[HN Gopher] Representing Enums in PostgreSQL
___________________________________________________________________
Representing Enums in PostgreSQL
Author : wojcikstefan
Score : 103 points
Date : 2023-06-20 12:31 UTC (10 hours ago)
(HTM) web link (making.close.com)
(TXT) w3m dump (making.close.com)
| jpalomaki wrote:
| Native enums can be used in queries like strings, but with type
| checking: select * from cust where type =
| 'company' -- ok select * from cust where type = 'c0mpany'
| -- error
|
| As mentioned, they take less space. Important if you use these
| columns in index and have millions of rows.
| cryptonector wrote:
| TFA is all about how to make changes where you drop elements of
| an enum, and how hard that is. The obvious thing though is not
| covered: don't do that! Instead you should: a.

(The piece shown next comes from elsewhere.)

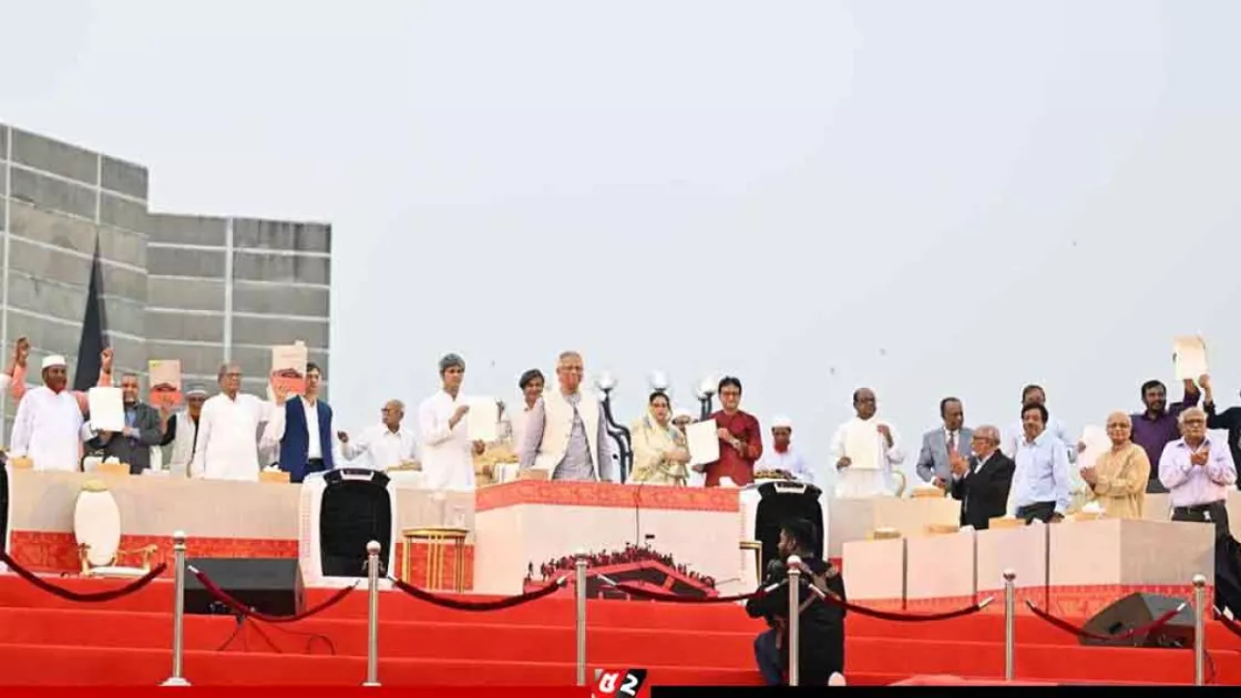 গণতন্ত্র পুনঃপ্রতিষ্ঠা, মানবাধিকার রক্ষা এবং রাষ্ট্রীয় সংস্কারের প্রতিশ্রুতি নিয়ে ‘জুলাই জাতীয় সনদ ২০২৫ বাস্তবায়নের অঙ্গীকারনামাতে স্বাক্ষর করেছেন প্রধান উপদেষ্টা ড. মুহাম্মদ ইউনূস ও দেশের ২৫ রাজনৈতিক দলের নেতারা।

| Add CHECK() constraints on columns of the relevant ENUM
| type checking that the value is one of the "live"
| values. b. RENAME "dead" ENUM values to indicate
| that they're dead. c. UPDATE ... SET
| column_of_that_enum_type = ... WHERE
| column_of_that_enum_type IN (dead_values_here) ...
|
| (c) can be done slowly, say, with a LIMIT clause to keep load and
| disruptions down. Yeah, you might have "broken" data for a while,
| but you can make your queries report better values for columns of
| that ENUM type in the same way that the UPDATE would fix them.
| BulgarianIdiot wrote:
| [dead]
| dikei wrote:
| Agree, PostgreSQL enum is really just for mapping with an enum
| in application code. And just like you should not remove an
| enum or change their ordinal in application code, don't do that
| to a PostgreSQL enum
| hn_throwaway_99 wrote:
| Glad to see this as the top comment, completely agree. After
| reading the article, was thinking that the only real downside
| of using enum types (but there is one more issue not mentioned,
| more on that below) is when you need to remove values. In
| reality, I've found removing enum values to be a very rare
| occurrence in prod. Removing an enum value fundamentally breaks
| backwards compatibility, so usually a better option is to
| essentially deprecate it, which is more like what you
| recommend.
|
| Note one other thing I have found is that postgres enums are
| less "portable" than plain text columns. For example, if you're
| using BigQuery to query postgres tables as an external
| connection, BQ doesn't support enums, so your external
| connection query has to cast any enum return values (e.g.
| some_enum_column::text) before returning them to BQ, which can
| be a pain if you want to do "SELECT * FROM ..." some table that
| returns enum columns.
| faangsticle wrote:
| > BQ doesn't support enums
|
| Sounds like a reason to use views to work around the
| limitations of BigQuery
| cryptonector wrote:
| > Note one other thing I have found is that postgres enums
| are less "portable" than plain text columns. For example, if
| you're using BigQuery to query postgres tables as an external
| connection, BQ doesn't support enums, so your external
| connection query has to cast any enum return values (e.g.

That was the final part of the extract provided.